When it comes to understanding our emotions, we must realize that they happen for specific reasons. In particular, when we feel anger, we must express it appropriately because it is a valid emotion.
Anybody can become angry - that is easy, but to be angry with the right person and to the right degree and at the right time and for the right purpose, and in the right way - that is not within everybody's power and is not easy.
Anger is an emotion that we need to understand and use appropriately.
There are times when we need to express our anger to share strong feelings. Expressing anger reinforces the seriousness of a situation and can be a great motivator. During sports events, when the coach finds the perfect time to use his anger to motivate his team, this demonstrates one of those times.
Part of this behaviour is getting to know your feelings and understanding them in situations so that you know when to say enough is enough or this situation must stop immediately.
When it comes to being planned with your anger, you must learn the strategy.

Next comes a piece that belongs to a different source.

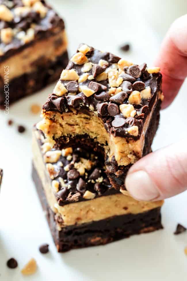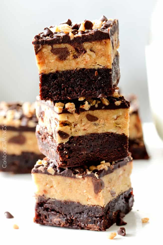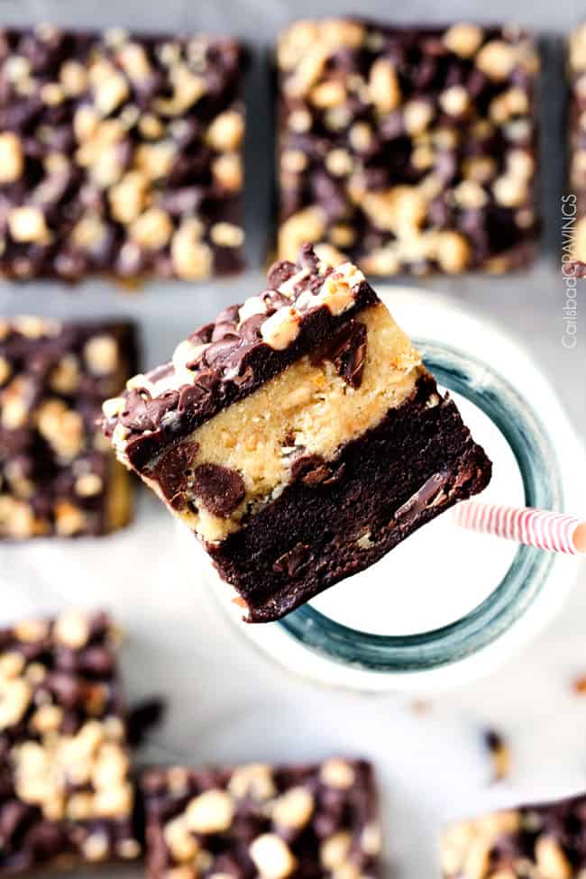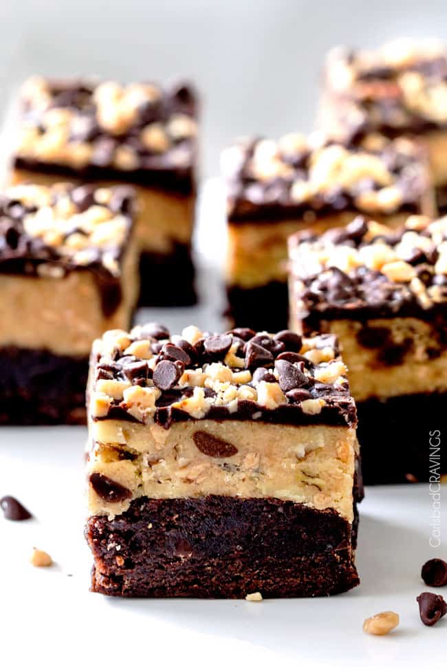 Together in a double layer of dense, chocolate chunk, fudgy brownie and eggless toffee, chocolate chip cookie dough all smothered with chocolate ganache. HEAVEN.

During my workshops and consulting, I often receive curious looks when I discuss this strategy. It's about much more than managing your temper; it's more about determining how and when you should purposefully use this emotion. So when you actually put your foot down and raise your voice or speak firmly, it's considered rare, and therefore it's significant.
For example, when dealing with children, if you only raise your voice with them when necessary, they get the message and realize the seriousness of the situation. However, if you always raise your voice and treat every situation with the same emotion or behaviour, you're sending a mixed message, and it becomes meaningless over time.